Your plugins need to be derived from the `seppl.Plugin` superclass, for the
*magic* to work. Such a plugin needs to implement the following two methods:

* `name(self)`: returns the name/identifier to use in the pipeline command string
(potentially followed by options for the plugin to parse)
* `description(self)`: returns a description (how long is up to you), which is used
for the argparse parser; the same parser that can be used to generate a help
screen for a plugin

In order to have custom options parsed by your plugin, you need to override
the following two methods:

* `_create_argparser(self)`: this method assembles the argparse parser
* `_apply_args(self, ns: argparse.Namespace)`: in this method, you need to
transfer the parsed options into member variables of your plugin

The `SkippablePlugin` mixin, as implemented by `Filter` and `Writer`, allows
the disabling of the plugin via the `--skip` flag. Plugins that were disabled
this way, get automatically removed when calling the `args_to_objects` function.
This is an easy way of turning on/off parts of a pipeline without having to
remove complex filter/writer configurations.

### Aliases

If you want to have the ability to allow shorthand names for your plugins as well,
then you can do that by using the `seppl.AliasSupporter` mixin. The plugins will
simply be added under their aliases to the class registry as well (inflating the
number of *available* plugins).

The following low-level methods are available for aliases:

* `has_aliases` - checks whether a plugin has any aliases
* `get_aliases` - retrieves any aliases and simply returns an empty list if not an `AliasSupporter`

The `Registry` and `ClassRegistry` classes have the following methods/properties
to aid in the handling of aliases:

* `is_alias(str)` - checks whether a plugin is an alias
* `all_alias` - returns a sorted list of all known aliases

**NB:** Due to the dynamic instantiation that `ClassRegistry` uses, the aliases
are only being populated after appropriate calls to the `plugin(...)` method.

### Compatibility

If you want to enable checks between pipeline components, then your plugins
need to implement the appropriate mixins and implement the relevant methods:

* `seppl.OutputProducer`: for plugins that generate data; the `generates` method
returns a list of classes that the plugin can output (typically only one).
* `seppl.InputConsumer`: for plugins that consume data; the `accepts` method
returns a list of classes that the plugin can process.

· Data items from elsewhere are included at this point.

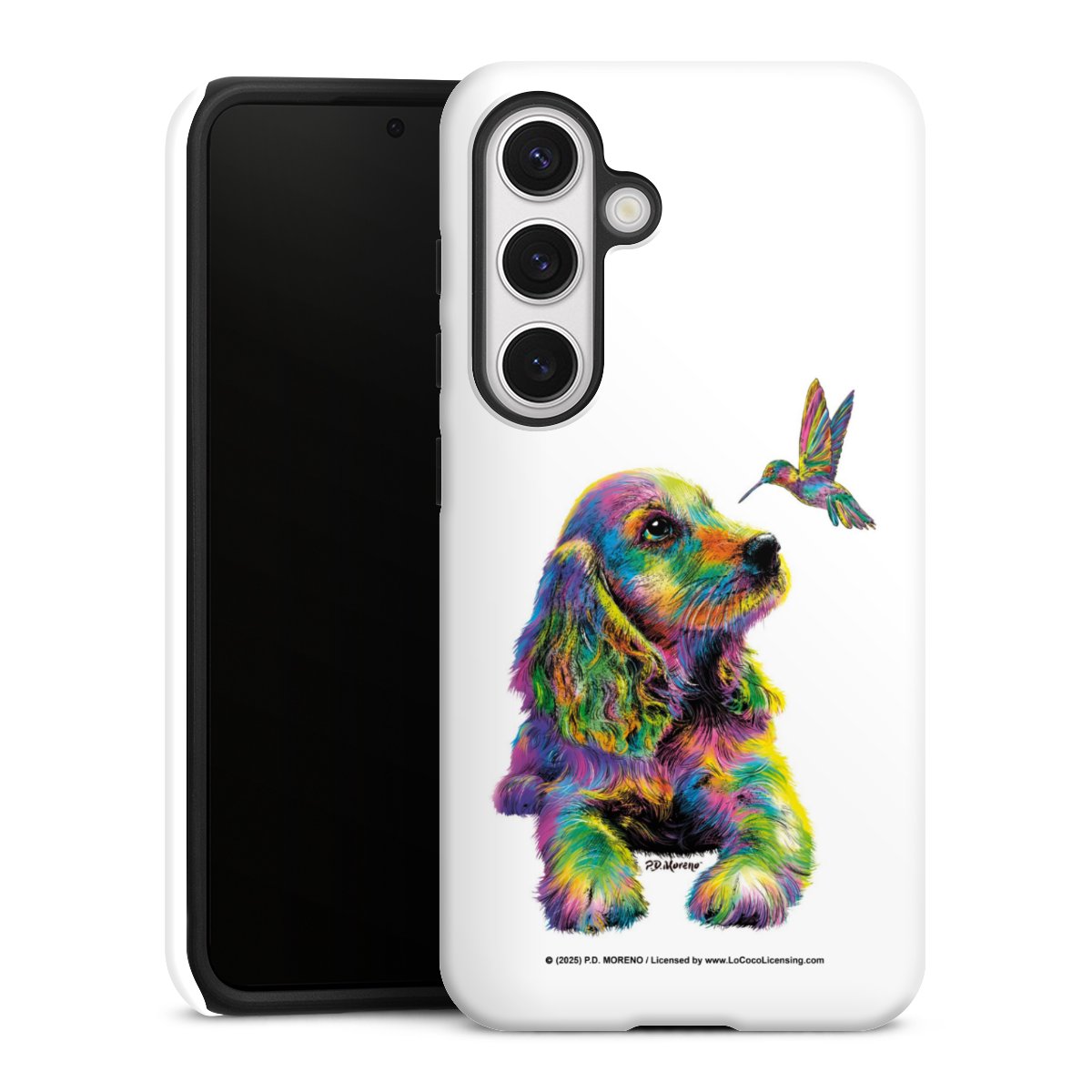 Bei dieser Handyhülle nutzen wird den besonders langlebigen Sublimationsdruck. Dieses raffinierte Druckverfahren sticht durch sein hochwertiges, gestochen scharfes Druckbild in brillanten Farben hervor. Der Druckbereich umfasst die ganze Hartschale inklusive der Ecken und Kanten, lediglich der Silikon-Einleger bleibt einfarbig schwarz. Wähle für Dein Design entweder eines unserer exklusiven Shop-Motive, oder werde kreativ und gestalte Dein Wunschdesign zum Beispiel mit Fotos und Overlays selbst.
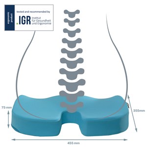 stylový a ergonomicky navržený podsedák pro maximální pohodlí při sezení na jakékoli židli, podporuje zdravé držení těla, zlepšuje krevní oběh a snižuje tlak na páteř tím, že minimalizuje kontakt mezi kostrčí a sedákem židle, pomáhá snižovat nepohodlí, únavu a ztuhlost, které mohou být důsledkem dlouhodobého sezení a zdravotních potíží, jako je ischias, ideální pro použití doma, v kanceláři nebo v autě jako plně mobilní řešení zdravého sezení, potah sedáku lze sejmout a z hygienických důvodů prát v ruce, rozměry 355 x 75 x 455 mm
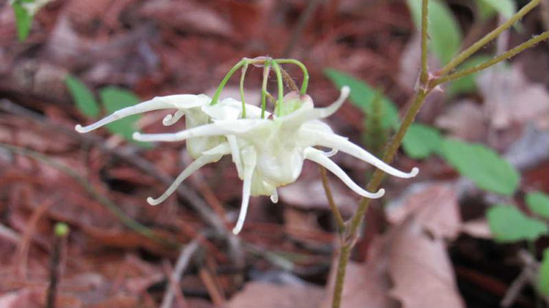 ●白い3つの花が付いた「キバナイカリソウ」 中川地区の新田堤のほとりに枯れた葉っぱの中に 真っ白な変わった形の花を植物に詳しい知人が見つけ「キバナイカリソウ」と教えていただきました 漢字で書くと「錨草」書き 花が和船の錨(いかり)に似ていることから付いた名前だそうです 低い山の雑木林の中に生えている落葉の多年草です
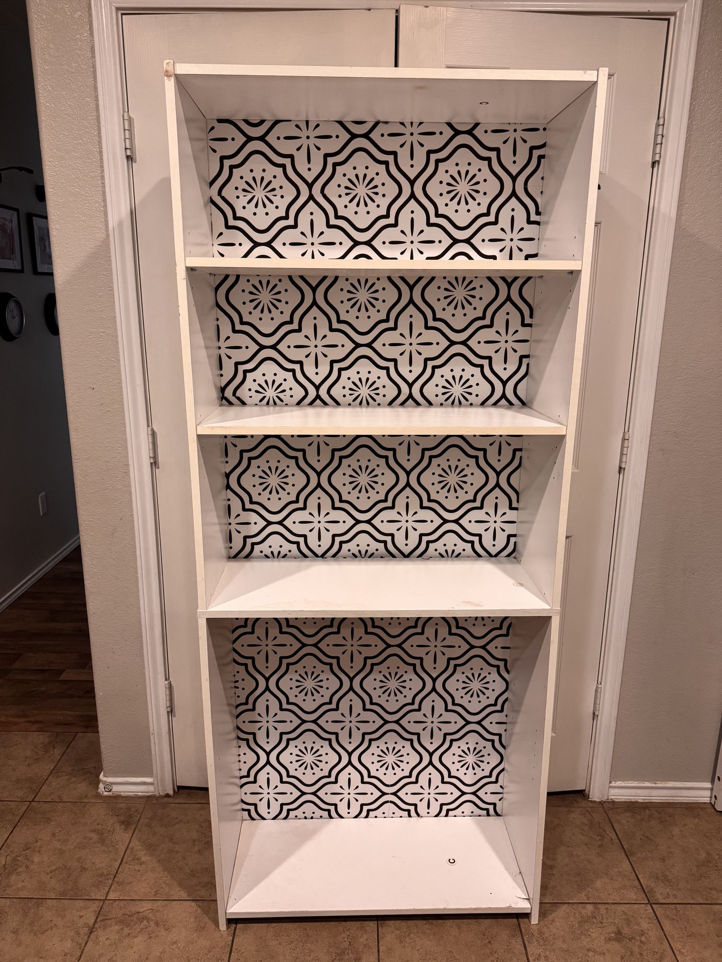 Bookshelf with black and white backing

E.g., *reader* plugins would implement `OutputProducer`, *filters* would
implement both, `OutputProducer` and `InputConsumer`, and *writers* only
`InputConsumer`.

You can then run the `check_compatibility` method against your pipeline,
i.e., a list of plugins, to see whether they are compatible. This method will
raise an exception if plugins are not implementing the mixins or if there is
no overlap between the generated/accepted classes.

For general purpose plugins, you can use `AnyData` dummy class in the
`accepts`/`generates` methods, as this class is used by default as a
*match all* by the `check_compatibility` method.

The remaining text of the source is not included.